Saturday, November 3, 2007

Hallowed Secularism's Contribution to Materialism

11/3/2007--On July 16, 1945, when the first atomic bomb detonated in the New Mexico desert, Robert Oppenheimer, Supervising Scientist of the Manhattan Project, quoted the Hindu classic text, the Bhagavad-Gita: “…now I am become Death, the destroyer of worlds… .”

Why would a scientist quote a religious text? There might have been no other way to say what he felt he needed to say. Justice Sandra Day O’Connor once wrote in a different context that religious language can serve purposes no other kind of language can serve. Such language, she wrote, expresses, “in the only ways reasonably possible in our culture, the legitimate secular purposes of solemnizing public occasions, expressing confidence in the future, and encouraging the recognition of what is worthy of appreciation in society.”

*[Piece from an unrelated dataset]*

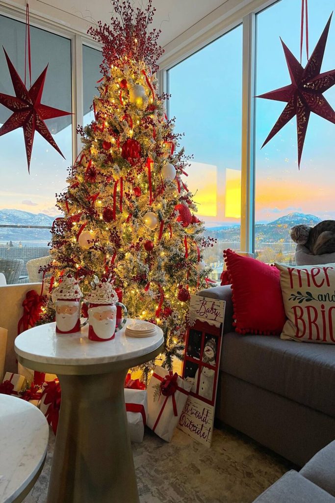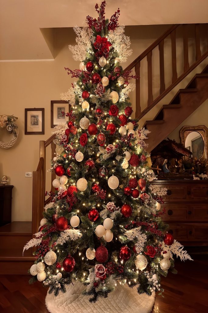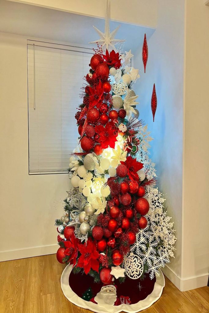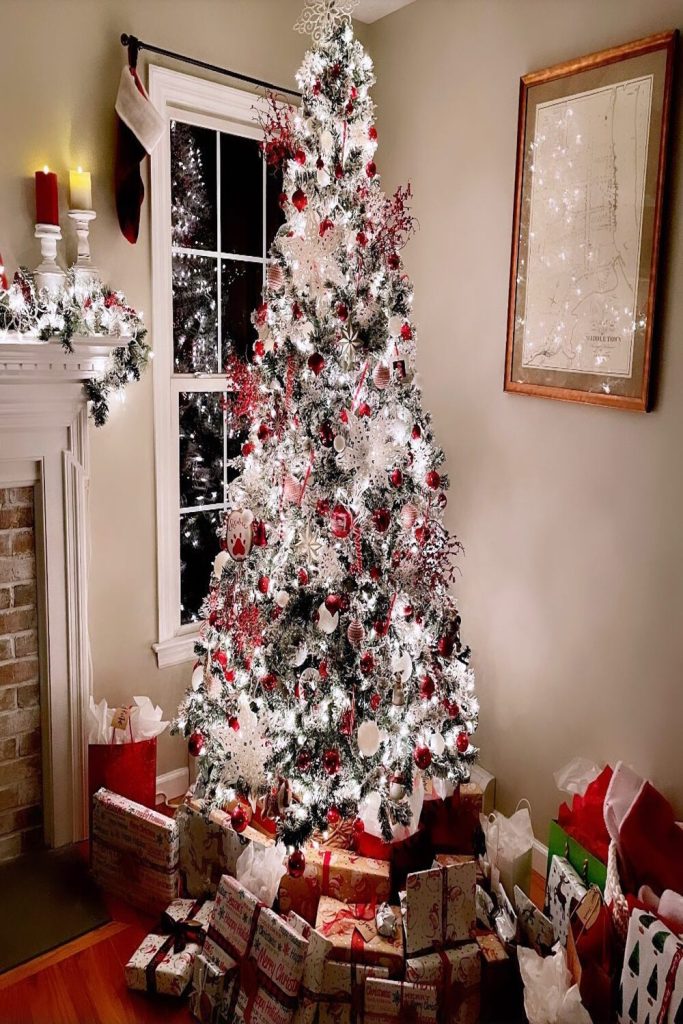 This red and white tree looks fresh and bright. Red balls pop on white branches. Soft lights make it warm and cozy. I love how it stays simple but still shines. It works well in small rooms or if you like a clean look. Add gold or silver for extra sparkle. This tree is perfect—save the idea and share how you’d style yours!

Justice O’Connor’s description lies a little flat, given what Oppenheimer had just seen. But the idea for both of them might be that religion can express depth in human life that secular concepts simply cannot. When confronted with the precise sort of potential apocalypse that religion has described, it is not surprising that prayer rises to our lips.

Materialism is not an orientation that expresses meaning or significance well. The scientists involved in the Manhattan Project were busy solving problems. Making the bomb was not an experience of transcendence. But seeing the bomb explode was such an experience.

We have in this example from Oppenheimer an indicator of what transcendence is. Transcendence is a sense that more than the ordinary is present in a given situation. The difference between the religious orientation and the materialist one may be said to lie in whether that sense is reflecting something real--that is, that something beyond the ordinary is actually present--or whether the sense of something beyond is just a feeling we make up. No one denies, however, that we do feel it. Oppenheimer felt it.

In theory, the scientist who feels what Oppenheimer felt does not need something called Hallowed Secularism. Such a scientist could simply refer to his or her own religion for the felt necessity of depth.

But that was not what Oppenheimer did. Oppenheimer was not speaking as a believing Hindu. He was not engaging in a full theological expression from within any particular religion. Instead, he was seeking a connection to religion, or religious insight, without the baggage of doctrinal commitment.

That is what Hallowed Secularism offers--a connection between our religious traditions—Our Religions—and the life of materialism. It is a way for the non-believer—Oppenheimer attended Ethical Culture School before college—to connect with transcendent traditions. This is an important contribution that only Hallowed Secularism can make.